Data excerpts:
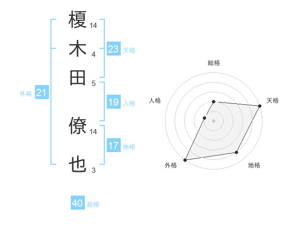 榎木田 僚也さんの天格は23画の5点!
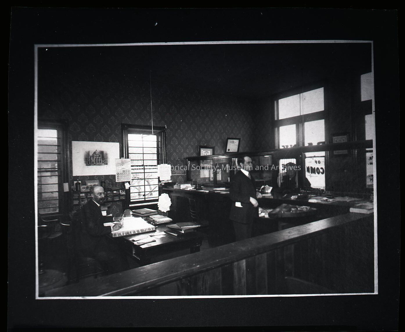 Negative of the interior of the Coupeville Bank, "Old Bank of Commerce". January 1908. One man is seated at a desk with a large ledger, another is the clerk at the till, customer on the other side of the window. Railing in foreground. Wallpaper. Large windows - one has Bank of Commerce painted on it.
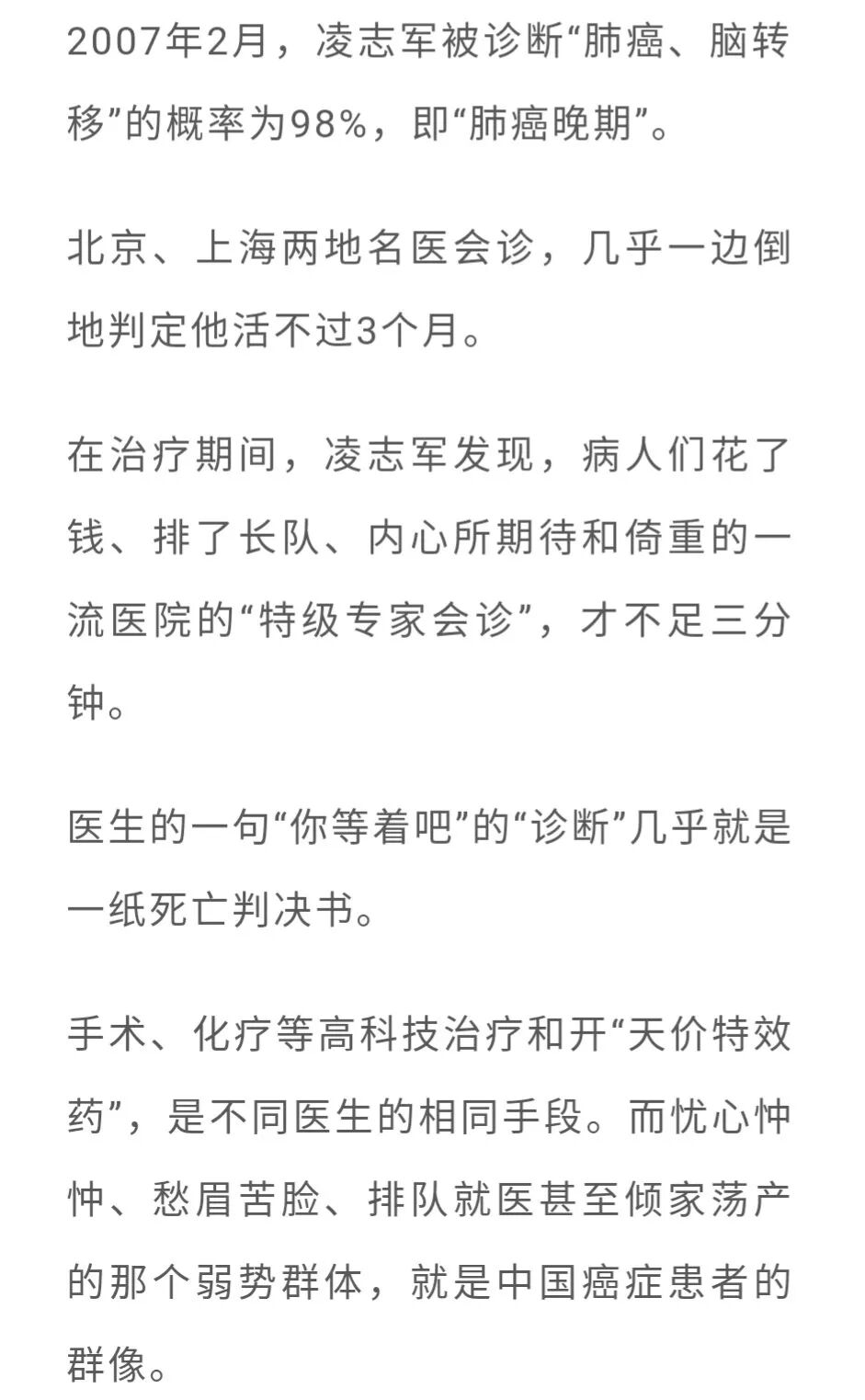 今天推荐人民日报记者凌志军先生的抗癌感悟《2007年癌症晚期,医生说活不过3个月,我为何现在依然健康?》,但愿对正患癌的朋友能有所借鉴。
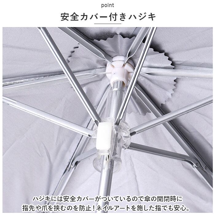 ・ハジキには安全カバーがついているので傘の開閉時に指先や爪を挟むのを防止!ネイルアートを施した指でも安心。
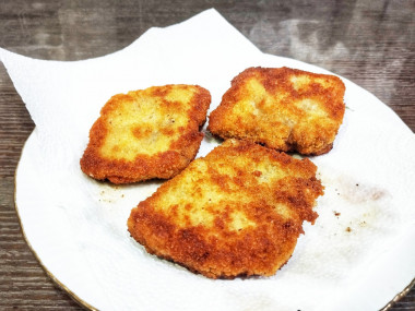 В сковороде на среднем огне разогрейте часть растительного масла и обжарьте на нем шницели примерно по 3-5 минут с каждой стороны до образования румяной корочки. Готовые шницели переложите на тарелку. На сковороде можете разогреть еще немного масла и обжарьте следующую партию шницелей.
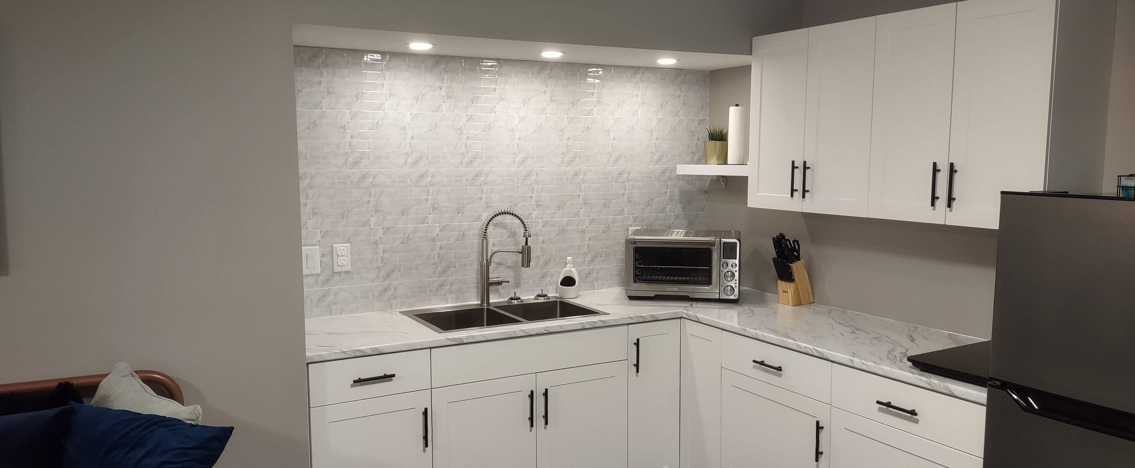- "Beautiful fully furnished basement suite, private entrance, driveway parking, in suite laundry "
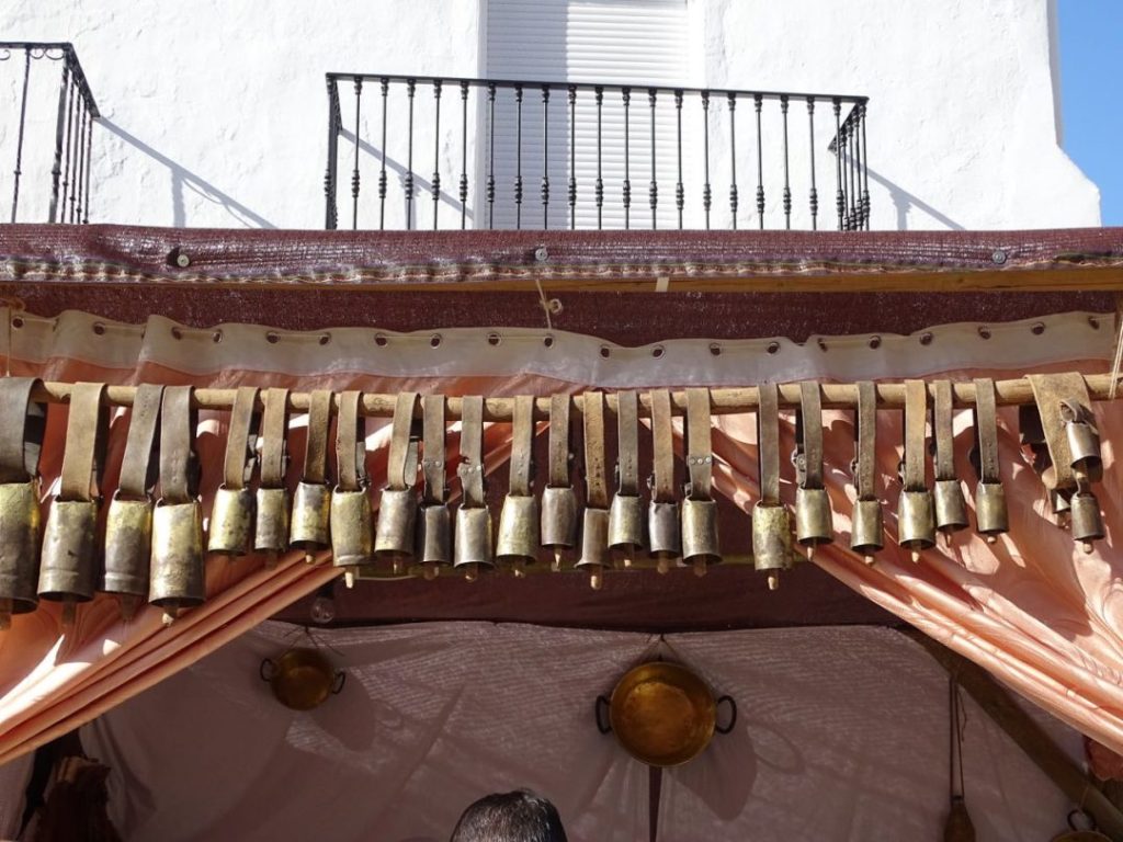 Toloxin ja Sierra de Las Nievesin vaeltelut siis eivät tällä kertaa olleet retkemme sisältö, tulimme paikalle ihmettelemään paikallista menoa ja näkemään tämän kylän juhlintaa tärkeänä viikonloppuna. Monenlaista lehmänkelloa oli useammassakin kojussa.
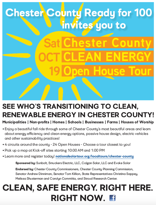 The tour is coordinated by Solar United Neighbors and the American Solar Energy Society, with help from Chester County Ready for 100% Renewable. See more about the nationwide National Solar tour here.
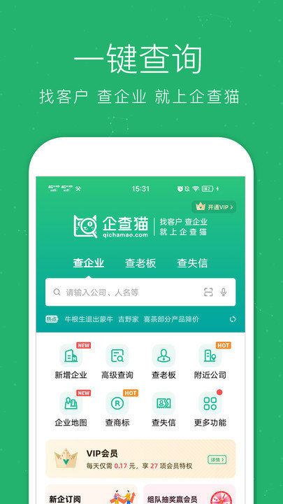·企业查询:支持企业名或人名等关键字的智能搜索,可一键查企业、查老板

**EXERCISE AIM**
Your copy should match the records above word for word, but without images.

**WRITTEN REPLY**
 榎木田 僚也さんの天格は23画の5点!
 Negative of the interior of the Coupeville Bank, "Old Bank of Commerce". January 1908. One man is seated at a desk with a large ledger, another is the clerk at the till, customer on the other side of the window. Railing in foreground. Wallpaper. Large windows - one has Bank of Commerce painted on it.
 今天推荐人民日报记者凌志军先生的抗癌感悟《2007年癌症晚期,医生说活不过3个月,我为何现在依然健康?》,但愿对正患癌的朋友能有所借鉴。
 ・ハジキには安全カバーがついているので傘の開閉時に指先や爪を挟むのを防止!ネイルアートを施した指でも安心。
 В сковороде на среднем огне разогрейте часть растительного масла и обжарьте на нем шницели примерно по 3-5 минут с каждой стороны до образования румяной корочки. Готовые шницели переложите на тарелку. На сковороде можете разогреть еще немного масла и обжарьте следующую партию шницелей.
- "Beautiful fully furnished basement suite, private entrance, driveway parking, in suite laundry "
 Toloxin ja Sierra de Las Nievesin vaeltelut siis eivät tällä kertaa olleet retkemme sisältö, tulimme paikalle ihmettelemään paikallista menoa ja näkemään tämän kylän juhlintaa tärkeänä viikonloppuna. Monenlaista lehmänkelloa oli useammassakin kojussa.
 The tour is coordinated by Solar United Neighbors and the American Solar Energy Society, with help from Chester County Ready for 100% Renewable. See more about the nationwide National Solar tour here.
·企业查询:支持企业名或人名等关键字的智能搜索,可一键查企业、查老板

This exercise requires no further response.